__Exercise prompt__. Every line from the one holding "2020年初,一场突如其来的" through the last line of the records must be retyped exactly, and no other line or picture may appear in the copy.

__Exercise data__.
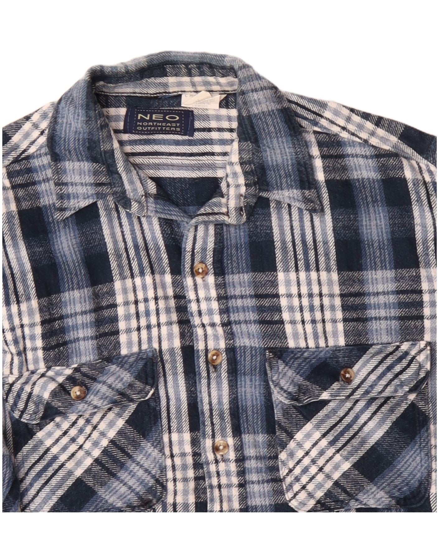 Camisa masculina de flanela VINTAGE grande algodão xadrez azul
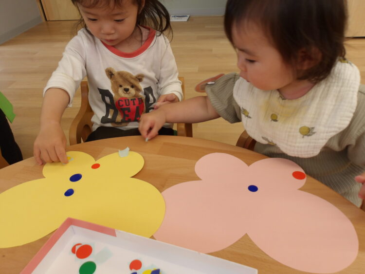 好きな色のちょうちょを選んで、シールを貼っていきます![]()
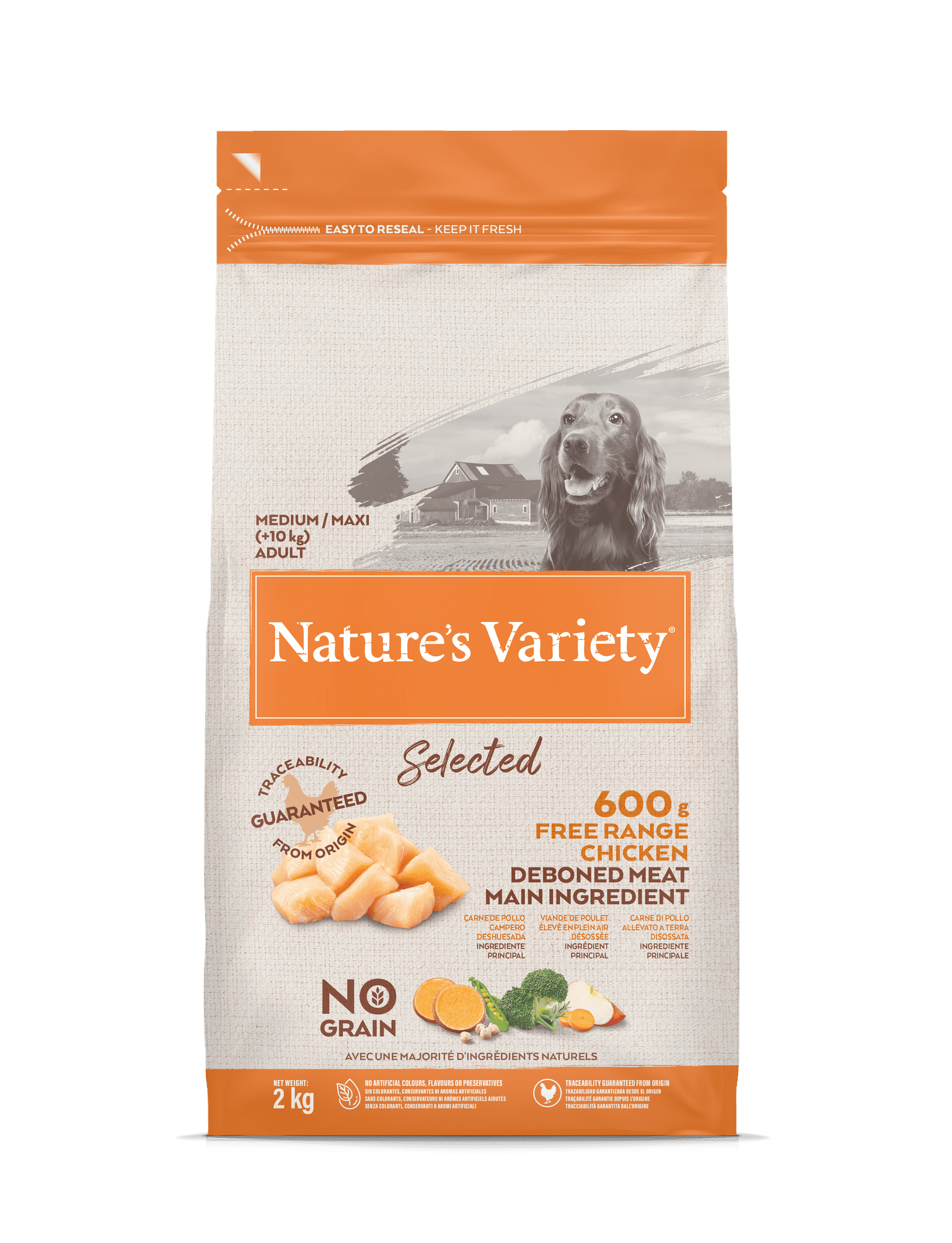 Begrūdis suaugusių šunų pašaras. Iškaulinta laisvai laikomų vištų mėsa yra pagrindinis ingredientas. Praturtintas vaisiais, daržovėmis, supermaistu ir natūraliais alternatyvių angliavandenių šaltiniais.
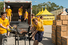 Scientology Volunteer Ministers carry out a massive barbeque for the Greenwood Community in the wake of Hurricane Irma. More than 1,700 hot meals are served and more than 3,000 bags of ice are distributed to households throughout the neighborhood.
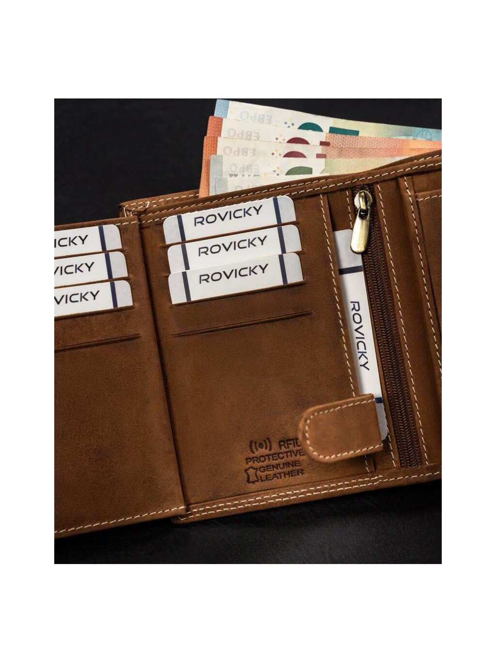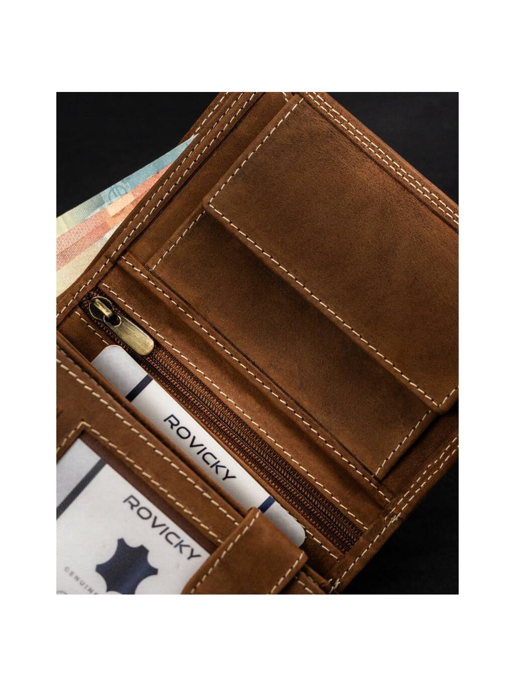 - 1 cipzáras rekesz a pénztárca közepén
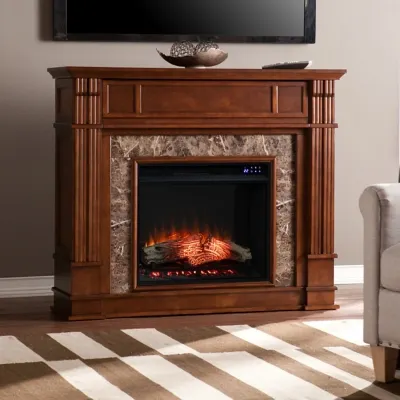 Cozy up to traditional style with this electric fireplace. Linear woodwork encapsulates crisscross hatching of lifelike granite veneer. Designed as an entertainment console, this electric fireplace fits beautifully beneath a wall mounted TV, while a recessed door shelf hides the mess of media equipment. Multicolor flames and lifelike embers create cozy ambiance year-round, with or without heat. Warm up your living space with this mission inspired piece—a must-have for any home.
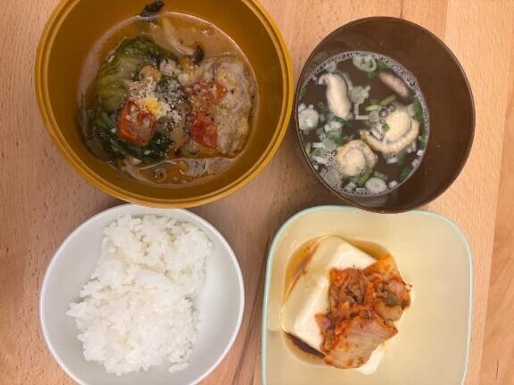 ロールキャベツと,キムチの冷奴
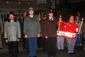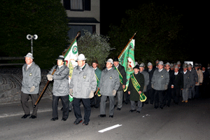 Am 25.Oktober 2009 fand die Ortsversammlung der Kameradschaft vom Edelweiß OV Kirchberg/Raab im Gasthof zum Kirchenwirt statt. Dem Tagungsprogramm der Ortsversammlung voraus findet alljährlich zuvor die Flaggenparade am Kirchberger Hauptplatz statt. Organisiert wird diese Feier sowie die anschließende Heldenehrung beim Gedenkstein am Kirchberger Friedhof von der Kameradschaft vom Edelweiß. Unter den Klängen der österreichischen Bundeshymne wurden die Flaggen gehisst. Vizebürgermeister Eduard Lehr betonte in seiner Festrede zum Nationalfeiertag, dass die Feierlichkeiten zum Nationalfeiertag eigentlich Geburtstagsfeste unserer schönen Heimat Österreich sind. Leider finden sich bei der Flaggenparade immer sehr wenige Geburtstagsgäste ein. „Denkmäler sind als festes Zeichen einer Botschaft in die Zukunft, an die überlebenden wohl aber auch an die nachfolgenden Generationen zu sehen!“ so Josef Schaffler bei der Heldenehrung am Friedhof. Es wurden zwei Kränze im Gedenken an die gefallenen und verstorbenen Kameraden niedergelegt. Ein Kranz wurde zu den Kriegsgräbern am Kirchberger Friedhof gebracht. Als Ehrengast konnte Ortsverbandsobmann Franz Windisch Herrn Brigadier iR Kam. Josef-Paul Puntigam sehr herzlich begrüßen. Unser geschätzter Landesobmann fand besonders dankende Worte für die vorbildliche Abhaltung der Gedenkfeierlichkeiten in Kirchberg. Einen besonderen Dank richtete der Obmann an Kam. Vizebürgermeister Eduard Lehr für die Festrede, an die Gemeinderäte, die Kameraden der Freiwilligen Feuerwehr, dem Österreichischen Roten Kreuz und dem Musikverein für die Teilnahme an der Flaggenparade.
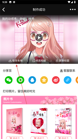 4、等作品制作成功,在制作成功的页面中,点击保存本地按钮,这样就能把动感秀保存到手机里了。
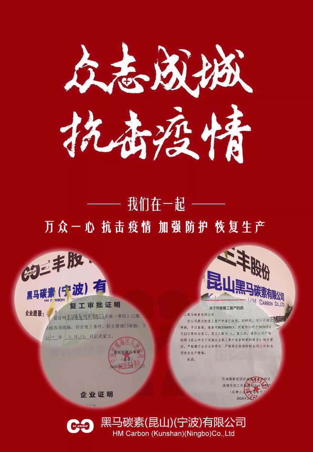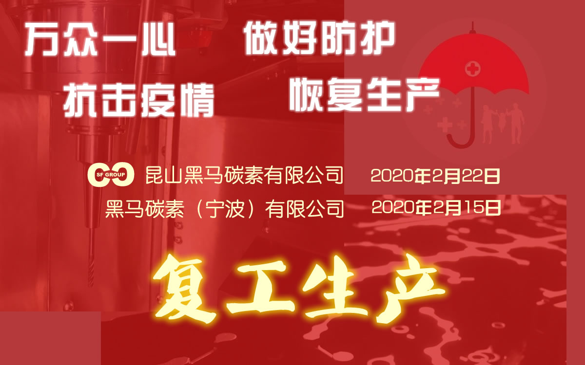 2020年初,一场突如其来的新型冠状病毒疫情,让整个中华大地始料不及;但在中国政府的强有力领导下,全国人民万众一心、众志成城,表现出了极强的民族自律性和配合性,从而有效的阻断病毒的进一步扩散传播,现全国各地企业也在逐步恢复生产,生活逐渐恢复正常;黑马碳素(昆山)(宁波)有限公司作为一个具备社会责任感的企业,始终配合政府疫情防控工作,现已获得复工批复,在此期间,感谢政府指导、感谢客户理解、感谢所有员工的配合;虽然是不可预测的突发事件,但由此造成的订单延误,我们依然深表歉意,复工后,在确保安全的前提下,我们会抓紧生产,确保后续品质交期;
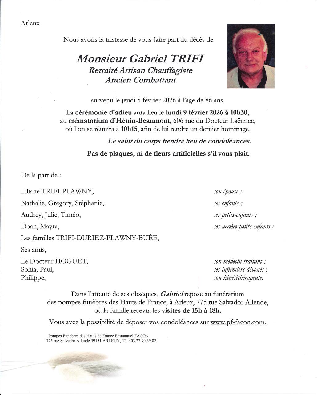Décédé à Lille (59000, France) le jeudi 5 février 2026 à l'âge de 86 ans

__Result of the task__.
 2020年初,一场突如其来的新型冠状病毒疫情,让整个中华大地始料不及;但在中国政府的强有力领导下,全国人民万众一心、众志成城,表现出了极强的民族自律性和配合性,从而有效的阻断病毒的进一步扩散传播,现全国各地企业也在逐步恢复生产,生活逐渐恢复正常;黑马碳素(昆山)(宁波)有限公司作为一个具备社会责任感的企业,始终配合政府疫情防控工作,现已获得复工批复,在此期间,感谢政府指导、感谢客户理解、感谢所有员工的配合;虽然是不可预测的突发事件,但由此造成的订单延误,我们依然深表歉意,复工后,在确保安全的前提下,我们会抓紧生产,确保后续品质交期;
Décédé à Lille (59000, France) le jeudi 5 février 2026 à l'âge de 86 ans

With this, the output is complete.